Наиболее показателен в этом отношении случай Кара: он пришел в дом Эниште мальчиком, потеряв отца, и именно в доме своего дяди и обрел семью. Брак Кара на Шекюре, который и виделся ему венцом их юношеской любви, и должен был сделать семью Эниште его семьей — в самом прямом смысле этого слова. Подспудное желание обрести семью, в которой можно было бы преодолеть свое одиночество, «по памяти» и влечет Кара к Шекюре уже по возвращении в Стамбул. Показателен и случай Шекюре, но он более сложен. Потеряв мужа, она в самом естественном порядке находит свою семью в лице отца; но Эниште стар, не за горами его смерть. Шекюре и останавливает свой выбор на Кара потому, что именно с ним связано ее представление о семье, — семье, которая когда-то у ней была. Усложняет случай Шекюре более насыщенный у нее, нежели у Кара, опыт существования. Строго говоря, думая о семье, Шекюре не может разобраться, в чьем доме она ее хочет обрести: в доме Эниште или своего мужа-сипахи? Это и объясняет парадоксальность любви Шекюре к Хасану. Хасан — брат ее мужа, и нет ничего странного в том, что свои надежды на семью она связывает не только с Кара, но и с ним. Окончательный же выбор в пользу Кара, как мы показали, сделала вовсе не Шекюре; ее брак с Кара — фактически обязан слепому случаю. Тем не менее очевидно, что, сколь бы они ни были противоречивы, действия Шекюре, ими движет ее помысел о семье; с этой точки зрения брак Шекюре с Кара и был неотвратим.

Как видим, не поддающийся никакой логике брак Кара и Шекюре являет собой аналогию столь же нелогичному утверждению Зейтина в традиции мастеров Герата, — прямую аналогию тому экзистенциальному выбору, который сделал художник, создав свой портрет. Больше того, следует отметить, что Памук очень тонко увязывает между собой любовную и детективно-искусствоведческую линии романа, показывая, что в основе и той и другой лежит один и тот же вопрос.

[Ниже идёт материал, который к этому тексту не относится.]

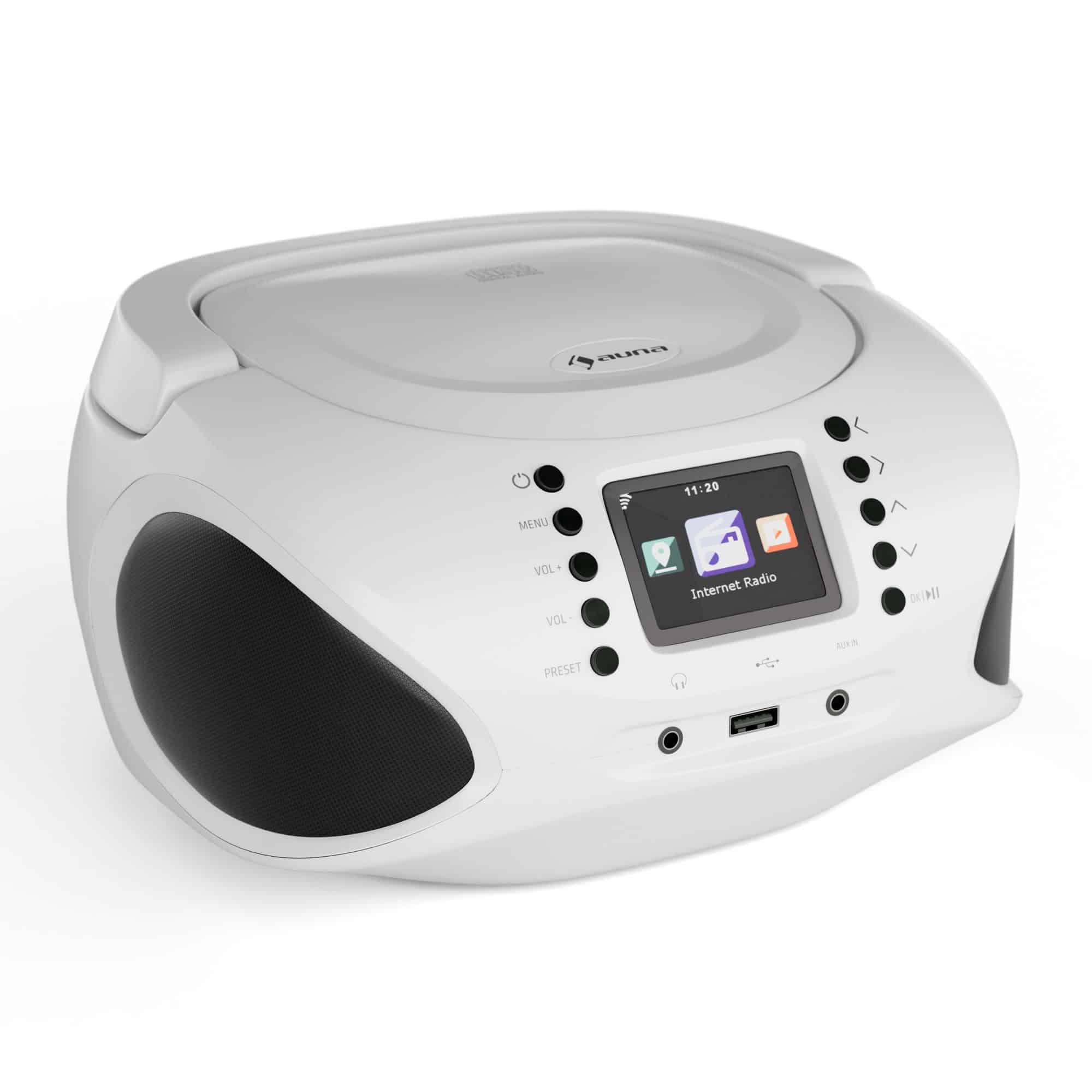 Auna Roadie Smart, IR/DAB/BT/CD/MP3, Boombox, USB, DAB+/internetové/FM rádio CD/MP3, prehrávač, 3W, Bluetooth, prenosný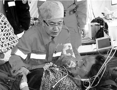2008年5月12日汶川大地震发生当天,他就带领医疗队赶到灾区。每当发现废墟下的幸存者,他总是第一个钻进去,根据埋压部位和伤情,制定科学施救方案。20多个日夜,他争分夺秒、抢救生命。

Нетрудно увидеть, что отношения Кара и Шекюре, существующие как бы в двух временных планах — «тогда» и «сейчас», по-своему выражают проблему отношений традиции мастеров Герата и европейской манеры рисования. Вполне очевидно, что отношения Кара и Шекюре и «тогда», и «сейчас» развиваются под знаком истории Хосрова и Ширин, которая стала излюбленным сюжетом для миниатюр художников, принадлежащих к традиции мастеров Герата. Так, Шекюре вспоминает, что свое признание в любви Кара объявил, сделав копию рисунка, изображавшего историю Хосрова и Ширин. Позднее же, возобновляя отношения с Кара, Шекюре использует его давний рисунок. Именно рисунок Кара, изображающий историю Хосрова и Ширин, и задает в «Красном…» аналогию, в рамках которой отношения героев романа и рассматриваются через призму отношений традиции мастеров Герата и европейской манеры рисования. История Хосрова и Ширин связана с традицией не только содержанием, но своим смыслом; иначе говоря, она заключает в себе самую суть традиции мастеров Герата. Так, известно, что Ширин полюбила Хосрова, увидев его изображение на рисунке; это значит, что их отношения протекали в русле того смысла любви, который открывала самая миниатюра, изображавшая момент возникновения любви в Ширин, — в русле смысла, а не чувственных отношений, порождаемых образом, например, в европейской манере рисования. Можно сказать, что рисунок Кара как бы символизирует общепринятый порядок отношений между мужчиной и женщиной; а это значит, что следование этому порядку есть аналогия приверженности традиции мастеров Герата, а нарушение его — обращения к европейской манере рисования.

Однако интересно то, что, используя рисунок, изображающий историю Хосрова и Ширин, и таким образом выражая намерение жить в соответствии с тем смыслом, который стоит за общепринятым порядком отношений мужчины и женщины, Кара («тогда») и Шекюре («сейчас») отнюдь не следуют этому порядку. Так, Кара не захотел принять условий Эниште, что и стало для него непреодолимым препятствием на пути к браку с Шекюре; Шекюре же, устраивая брак с Кара, идет против воли отца, который ни при каких обстоятельствах не желал видеть племянника своим зятем. Однако пристального внимания требует отказ от следования общепринятому порядку отношений мужчины и женщины в случае Шекюре. (Строго говоря, этот случай — общий для нее и для Кара; но правильно было бы назвать его именно случаем Шекюре; это станет ясно из дальнейших наших рассуждений.) В случае Кара порядок подтвердил свою силу, показав, что отказ от следования ему не может привести к желаемому результату. Что касается случая Шекюре, мы видим, что общепринятый порядок отношений мужчины и женщины и смысл, который стоит за ним, оказываются нетождественны: героиня «Красного…» приходит к этому смыслу, фактически не следуя самому порядку.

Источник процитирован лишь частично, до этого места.